I haven’t forgotten those early years of not having the support that would have most benefitted us during our first foster care experiences. I know not everybody lives in the kind of foster care and adoption aware community that is now our normal. For those foster or adoptive parents who are struggling alone (and really for all foster or adoptive parents), it can be such a blessing to find likeminded parents with similar struggles in order to normalize what you’re going through. Attending a conference or retreat can be one great way to do that in an intensive environment that will refresh you and remind you why we do what we do. I’m excited to be involved this year in a retreat like that.

 

I will be speaking at the Together in the Trenches retreat. I’m going to be talking about how God uses motherhood—the unique role we get to play in the lives of the kids God gives us, the role our own moms played in our lives, and how we can encourage the other moms around us. I’m excited to be able to meet with other women who are living this life and I’m also excited for the ways the women planning this retreat are intentionally wanting to spoil these ladies. In talking to one of the ladies coordinating the retreat, she used the phrase “constant food” to describe the environment and that’s about the most wonderful description I’ve ever heard for a retreat. There’s a desire to help women understand the importance of self-care by showing them how they can incorporate it into their daily lives through art, crafts, doing nails, and all kinds of little pampering activities. I’m pretty sure if I just read the phone book during my speaking time, these women would still come away refreshed and encouraged just by being in this supportive and beautiful environment (the grounds of the retreat center are just gorgeous and restful). I’m hopeful I can add more than just a phonebook reading to what’s happening, but I love knowing this isn’t just about giving women knowledge or parenting tools, but about actually caring for their needs for rest and encouragement.

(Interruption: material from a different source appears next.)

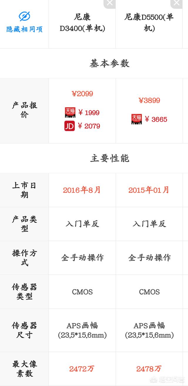 应该说,两款相机差别不大,都是半画幅入门机,但从价位上来看D5500高于D3400,就像素而言两者并没有太大差别。但在外部配置,D5500显示屏可以反转,这一点在仰拍、俯拍等明显优于D3400。最关键一点就是D5500的39点对焦,完胜D3400的11点对焦。这可能就是D5500价格高出1000多的原因。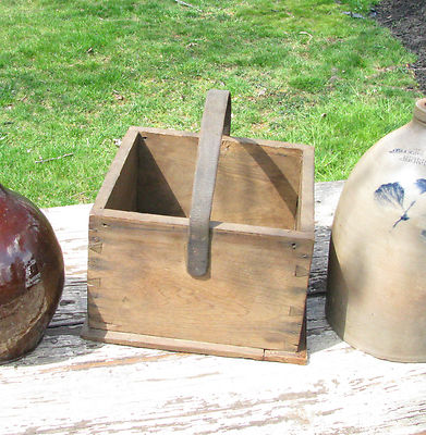 Title (ebay affiliate link): ANTIQUE PRIMITIVE WOODEN BERRY BOX / DOVETAILED CHESTNUT WOOD wth LEATHER HANDLE

If you’re interested in participating in this retreat, there’s still time to register! You can get all the specific info at this link: http://orphancarealliance.org/together-in-the-trenches/ I’d love to see you there!

Foster parents and adoptive parents need community. We need that normalization that can really only happen when we find others who have walked where we’re walking. I think we all have a role to play in finding or creating that community. We can prioritize it by attending retreats or support groups. We can offer it by facilitating support groups, planning retreats, become a safe place for foster and adoptive parents to share their needs. We can benefit from it by showing up and admitting this can be an isolating journey. As a church body, we can encourage it by offering to help cover costs for our families to attend retreats or conferences that help them live this life with strength and conviction. Whatever our role is in the process, if we want our most traumatized kids to be loved and find safety and healing, we need to be sure their parents are getting the support they need. How can you be part of that support team for the families you know?